• ERISA Plan’s Limitation Period Is Enforceable, Says U.S. Supreme Court
  • January 7, 2014
  • Law Firm: Holland Hart LLP - Denver Office
  • The U.S. Supreme Court recently issued a decision that provides some welcome guidance to insurers and employers sponsoring ERISA employee benefit plans. The Court upheld a three-year limitations period in a long term disability plan. The terms of the plan required participants to file a lawsuit to recover benefits within three years after "proof of loss." Heimeshoff v. Hartford Life & Accident Ins. Co., No. 12-729, 571 U.S. --- (Dec. 16, 2013). The Court ruled that because ERISA itself does not specify a limitations period, the plan's three year deadline was reasonable and therefore enforceable.
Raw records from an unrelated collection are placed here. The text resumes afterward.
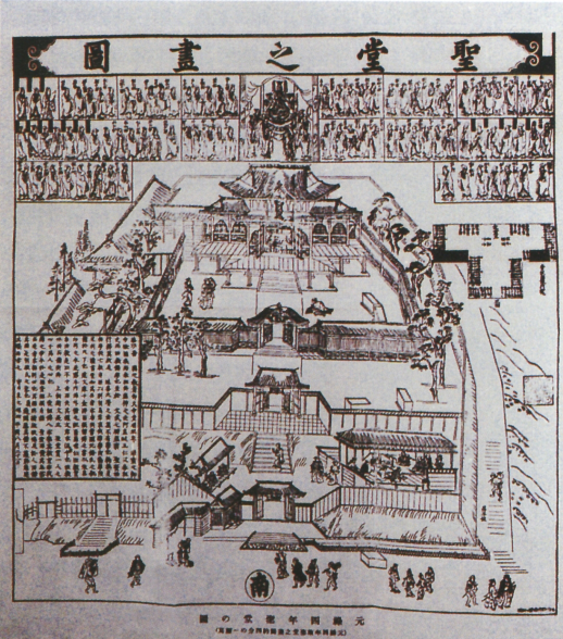 寛永七年(1630)三代将軍徳川家光は朱子学を尊崇する林羅山に聖堂と塾を建立し、林家が教官を世襲するように、儒学で幕府臣下の子弟を教育することを命じ、建立当時は孔子廟と呼ばれていた。元禄三年(1690)五代将軍綱吉は聖堂と塾を湯島に移築し、中国の慣例に従って先聖殿を「大成殿」と改称し、周囲の付属建物を「聖堂」と呼んだ。その後、聖堂は湯島聖堂の中の大成殿を指すようになった。大成院の建物はもともと中国様式を模造し、赤い柱にペンキを塗り、外観は緑色だったが、今回の拡張工事で水戸孔子廟の通りに改築した建物は黒く塗った。大正十一年(1922)湯島聖堂は国家級史跡に指定されている。1923年の関東大震災で徳門と水屋を除いて全焼し、聖堂はいったん破壊されたが、1935年(昭和10年)に伊東忠太が設計し、大林組が施工再建した。1975年に台北ライオンズクラブより贈る世界最大の孔子像がここに安置された。ここには孔子のほかに、孔子の四人の高足(顔子、曽子、子思、孟子)の像を安置して祭祀されていた。
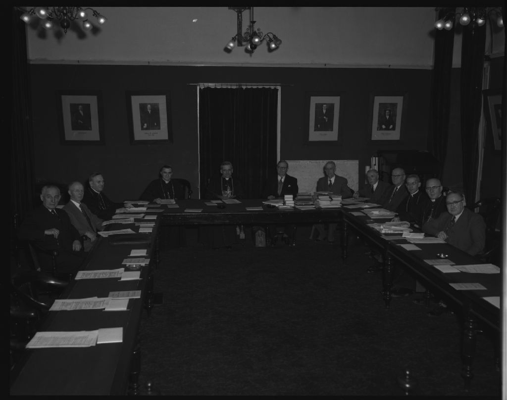 Séance des programmes et manuels. Monsieur Issalys, le docteur Gauthier, monseigneur Mélançon, monseigneur Roy, le cardinal Léger, monsieur B.O. Filteau, monsieur J.P. Labarre, monsieur McManus, monseigneur Frénette, monseigneur Smith et monsieur Coughlin
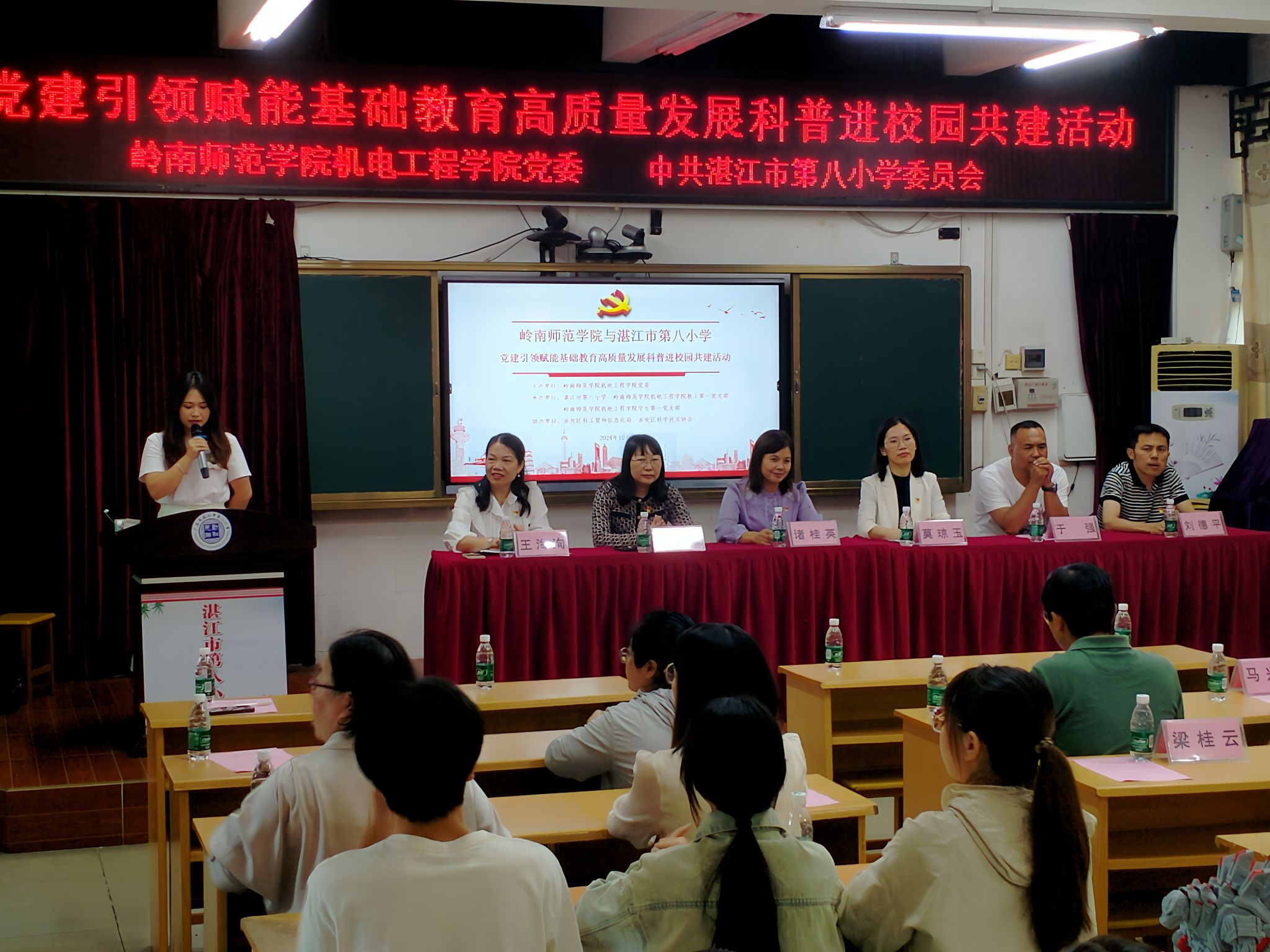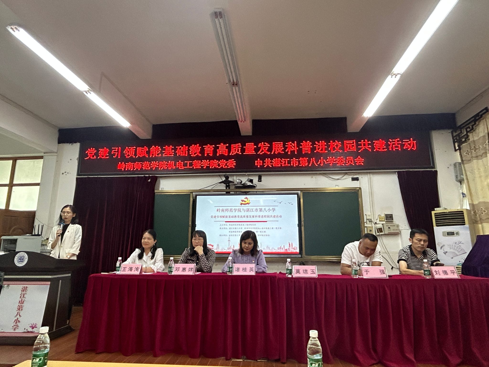 为深入贯彻习近平总书记关于科技创新的重要论述,落实国家科技活动周精神,推进粤西地区基础教育高质量发展,同时响应学校“三成四化”筑峰工程,机电工程学院于10月25日携手湛江市第八小学开展“党建引领赋能基础教育高质量发展”科普进校园共建活动。
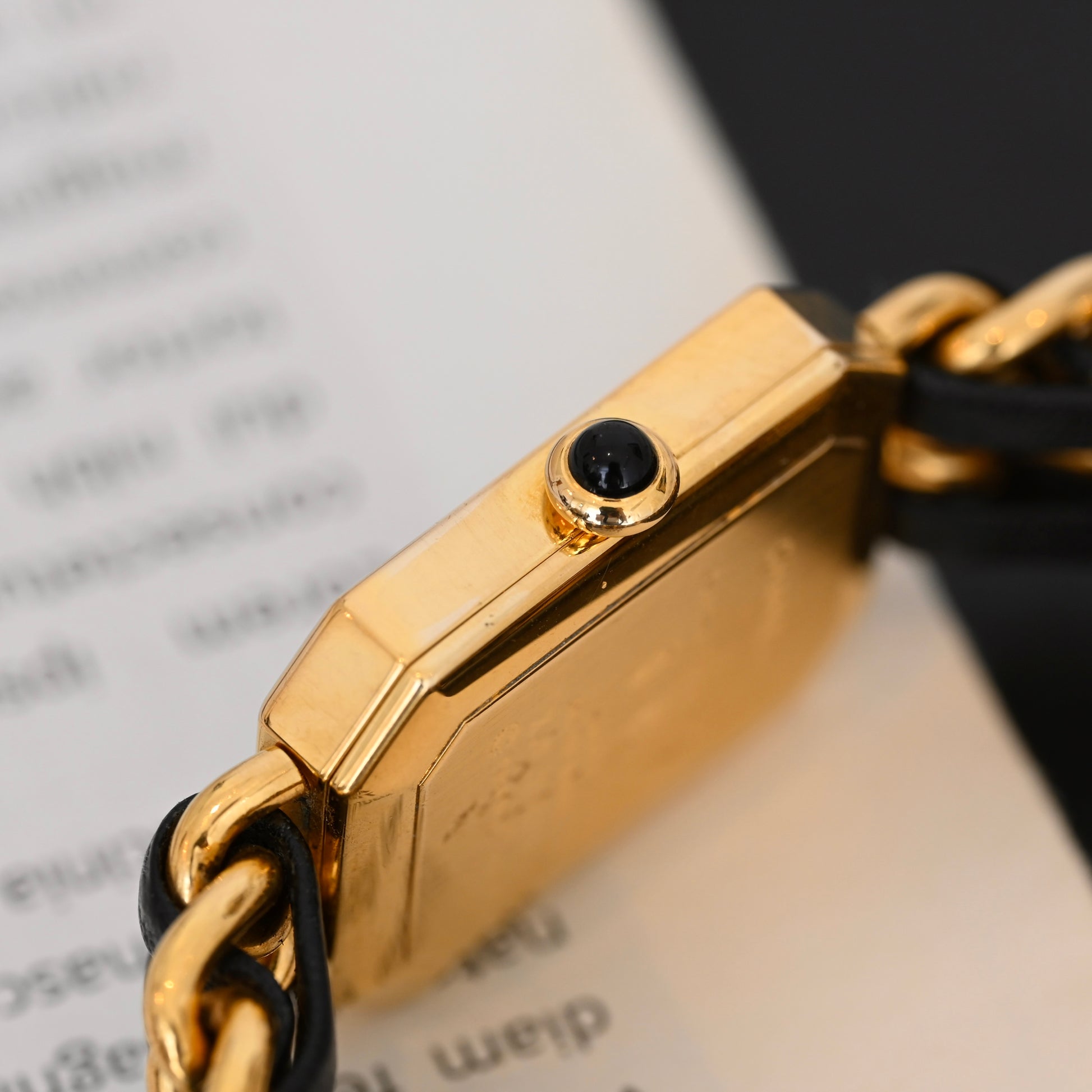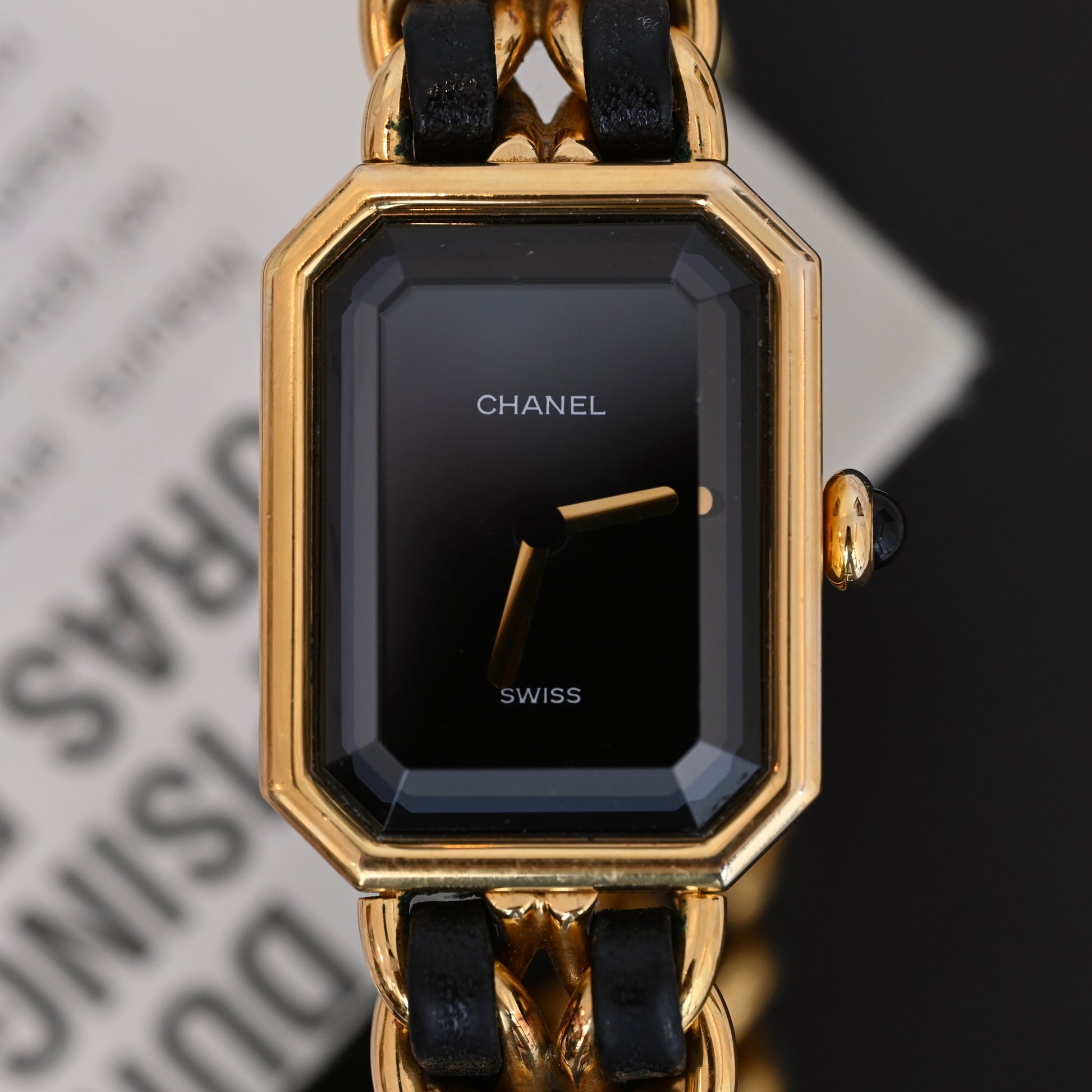 Bold in gold — a sharp octagonal case, a jet-black dial, and a chain-link strap woven with leather. Power dressing, distilled into a watch.
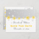 Gelbe, silbergraue, weiße Schneeflocke Hochzeit Save the Date Postcard, mit einer gewölbten Band in silbergrau mit Sternen und gelben eleganten Schneeflocken. Text in gelb, grau. Ein stilvolles Design, das perfekt für Ihren Winter, Dezember oder Weihnachten Hochzeit ist. Modernes und zeitgenössisches aber für eine traditionelle Hochzeit geeignet. Dieses elegante Design kann für andere besondere Anlässe wie Verlobungen oder Jubiläen verwendet werden.
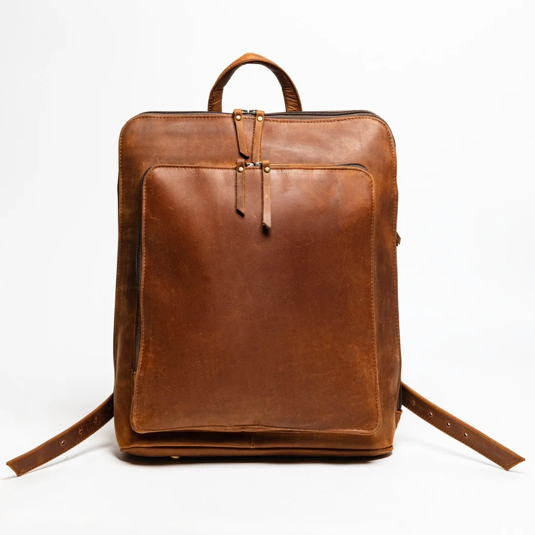 Tech Leather Backpack, available in three sizes, is made from high-quality, eco-friendly leather. It's perfect for students and professionals, with two main compartments and a padded spot for laptops up to 16 inches. It's durable, stylish, and has lots of pockets for your stuff. Plus, its expandable opening design makes it super convenient! Great for everyday use!
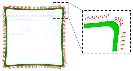 Figure 5, the direction of the strips is marked by red arrows. The direction in the corner area of the SCB after form-finding differs significantly from that in the longer arc-edge area. The direction of the strips in the corner area is approximately parallel.
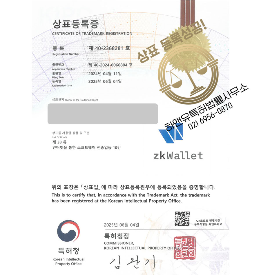 상표심사 통과 및 최종 등록에 성공하였습니다.

    Benefit Plan Participant Filed Lawsuit After Benefits Were Denied

    Julie Heimeshoff, a senior public relations manager for Wal-Mart Stores, was a participant in a long term disability plan administered by Hartford Life & Accident Insurance Company (Hartford). In 2005, she filed a claim for disability benefits following a diagnosis of lupus and fibromyalgia. On her claim form, her rheumatologist listed her symptoms as extreme fatigue, significant pain and difficulty in concentration. Hartford denied her claim after her rheumatologist failed to respond to its requests for more information. In 2006, Heimeshoff provided Hartford with an evaluation from another physician who also determined that she was disabled. Hartford retained a physician to review Heimeshoff's records who concluded that she was able to perform the activities of her sedentary job. Hartford again denied her disability claim.

    After granting Heimeshoff an extension to the appeal deadline to provide additional evidence and retaining two additional physicians to review her claim, Hartford issued its final denial of benefits on November 26, 2007. On November 18, 2010, Heimeshoff filed suit in district court seeking review of her denied claim under ERISA's judicial review provision, known as ERISA Section 502. Hartford and Wal-Mart asked the court to dismiss her suit because she did not file the case within the limitations period provided for in the plan, namely within three years after the time that written proof of loss is required to be furnished to Hartford. The district court agreed that the lawsuit was untimely and dismissed her case. On appeal, the Second Circuit affirmed. The U.S. Supreme Court agreed to hear the case in order to resolve a split among the Courts of Appeal on the enforceability of an ERISA plan's contractual limitations period.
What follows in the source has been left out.